● Problem description: Leave the pictures out and print, word for word, the lines below from the one with "HOLDING GROUP real" through the final line.

● Source data:

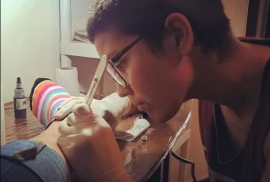 Trabaja como tatuador de manera independiente y hace dos años consideró que era el momento de realizarse una doble masectomía. "Después de haber atravesado un montón de miedos, me dije: ‘Esto es lo que quiero para mi cuerpo’”, aseguró a Todes Nosotres. Y remarcó: “No hay cuerpos equivocados, pero yo no reconozco mi pecho como propio”.
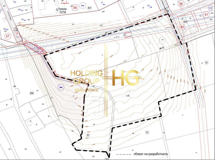HOLDING GROUP real estate представя на Вашето внимание урегулиран поземлен имот с площ от 809 кв.м. Намира се в землището на с. Тополи. Парцелът е с влязъл в сила ПУП, ПРЗ и е подходящ за построяването на фамилна къща. В съседство същият собственик предлага още 9 парцела. От всички тях се открива невероятно красива панорама към езерото и град Варна. Ток, вода и канализация в непосредствена близост. Ако желаете да се наслаждавате на тишина, чист въздух и красива гледка, а в същото време да сте на 10 мин. път с кола до града, моля обадете се и цитирайте кода на офертата.
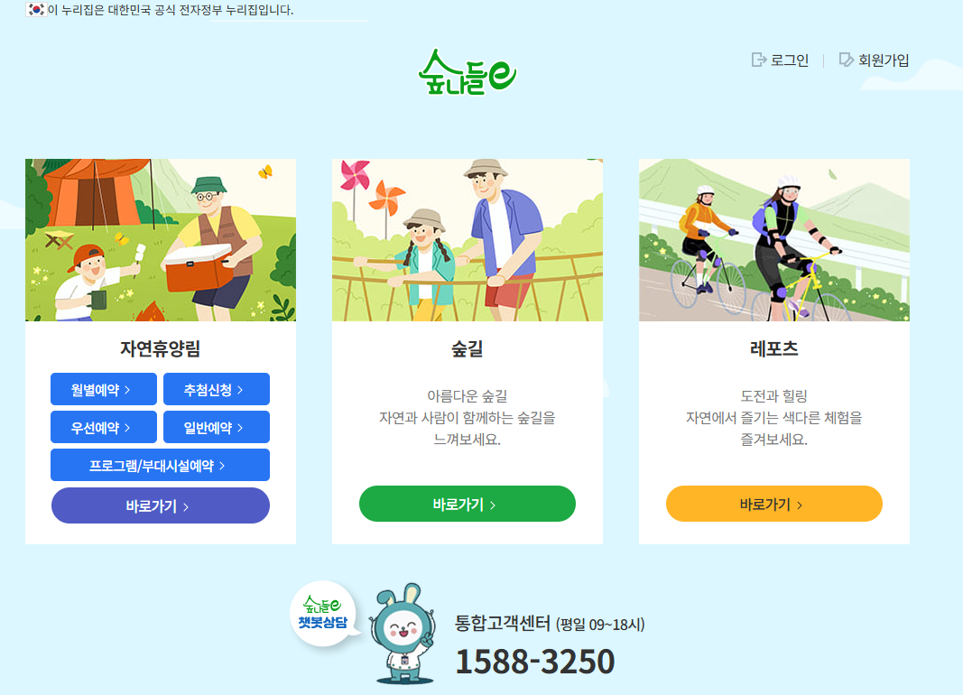 1. 숲나들e 숙박 예약 필수(www.foresttrip.go.kr)
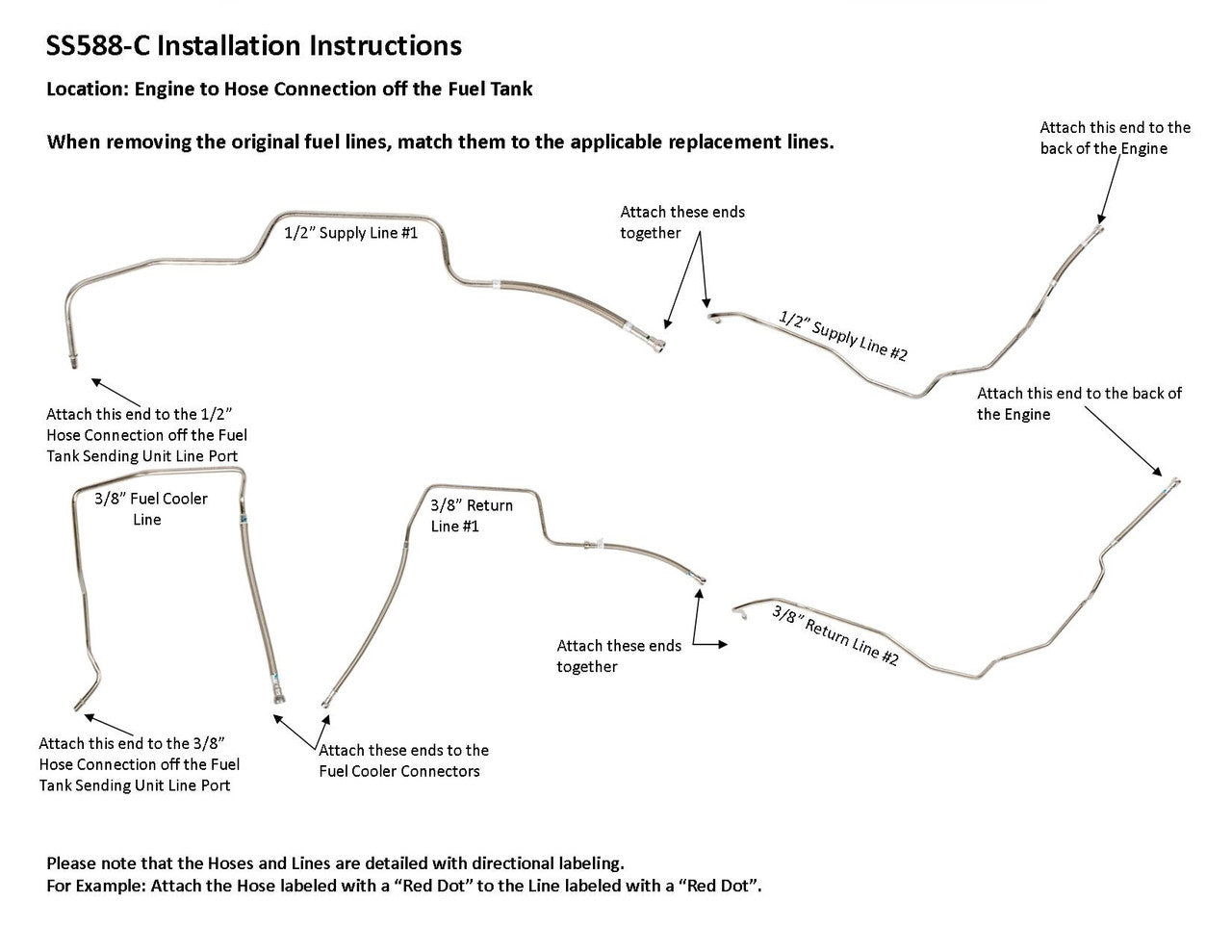 Not Included in Set: Hoses between fuel line and fuel tank 5070-01B and Cooler Connector Lines FL591-A2B or SS591-A2B. These parts are available for purchase separately

● Exercise response:
HOLDING GROUP real estate представя на Вашето внимание урегулиран поземлен имот с площ от 809 кв.м. Намира се в землището на с. Тополи. Парцелът е с влязъл в сила ПУП, ПРЗ и е подходящ за построяването на фамилна къща. В съседство същият собственик предлага още 9 парцела. От всички тях се открива невероятно красива панорама към езерото и град Варна. Ток, вода и канализация в непосредствена близост. Ако желаете да се наслаждавате на тишина, чист въздух и красива гледка, а в същото време да сте на 10 мин. път с кола до града, моля обадете се и цитирайте кода на офертата.
 1. 숲나들e 숙박 예약 필수(www.foresttrip.go.kr)
 Not Included in Set: Hoses between fuel line and fuel tank 5070-01B and Cooler Connector Lines FL591-A2B or SS591-A2B. These parts are available for purchase separately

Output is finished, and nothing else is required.